Les scientifiques pensent que le VHB est apparu il y a environ 20 000 ans, mais le chemin de sa distribution est encore difficile à établir. La distribution des génotypes anciens du virus ne coïncide pas toujours avec celle des génotypes modernes; certaines des souches les plus anciennes sont éteintes depuis longtemps, tandis que d'autres ressemblent davantage au VHB que l'on trouve aujourd'hui chez les gorilles et les chimpanzés; les souches médiévales sont terriblement proches des souches humaines modernes, comme si le virus n'avait presque pas muté au cours des 500 dernières années…

"Ces données racontent une histoire complexe de l'évolution du virus", "ces données ne permettent pas de formuler une théorie cohérente de l'origine et de la propagation du VHB" - de telles conclusions se retrouvent dans tous les travaux scientifiques consacrés à l'ancien virus mortel.

Quant au "prince de Poprad", il s'est avéré porteur d'un virus de génotype A. Il est curieux que le même génotype du virus ait été détecté dans les restes vieux de 4000 ans de deux personnes de Bulanovo (Russie), appartenant à la culture Sintashta, et dans les restes de 2700 ans " femme scythe " trouvée en Hongrie.
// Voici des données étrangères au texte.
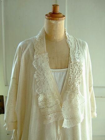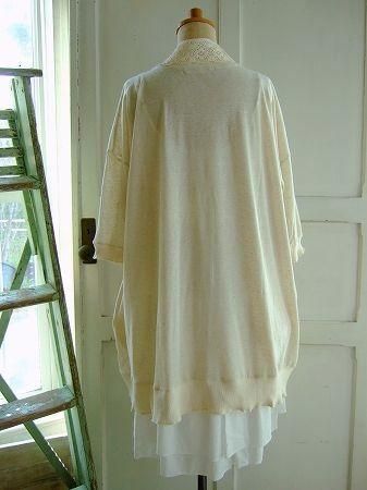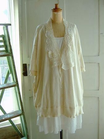color アイボリー、素材 cotton80%、Linen20%、(レース コットン、ナイロン)、made in Japan、size F、着丈84cm、バスト155cm、袖丈43cm(切替しより26cm)、肩幅38cm、※レースショールは取り外し可能です。

Aujourd'hui, chaque génotype HBV (10 au total, désignés par des lettres latines de A à J) possède une aire territoriale et ethnique de prédominance. Il est logique de supposer que c'était le cas dans les temps anciens. Cela soulève à nouveau la question de l'origine du "prince allemand" de Poprad - était-il un descendant de ceux qui venaient de l'est, de la région "entre la Volga et l'Oural", ou était-il encore un indigène local accro à Coutumes romaines et cuisine méditerranéenne ?

À en juger par la vitesse de mise à jour des informations dans les médias slovaques, une réponse peut être attendue pendant plusieurs années encore.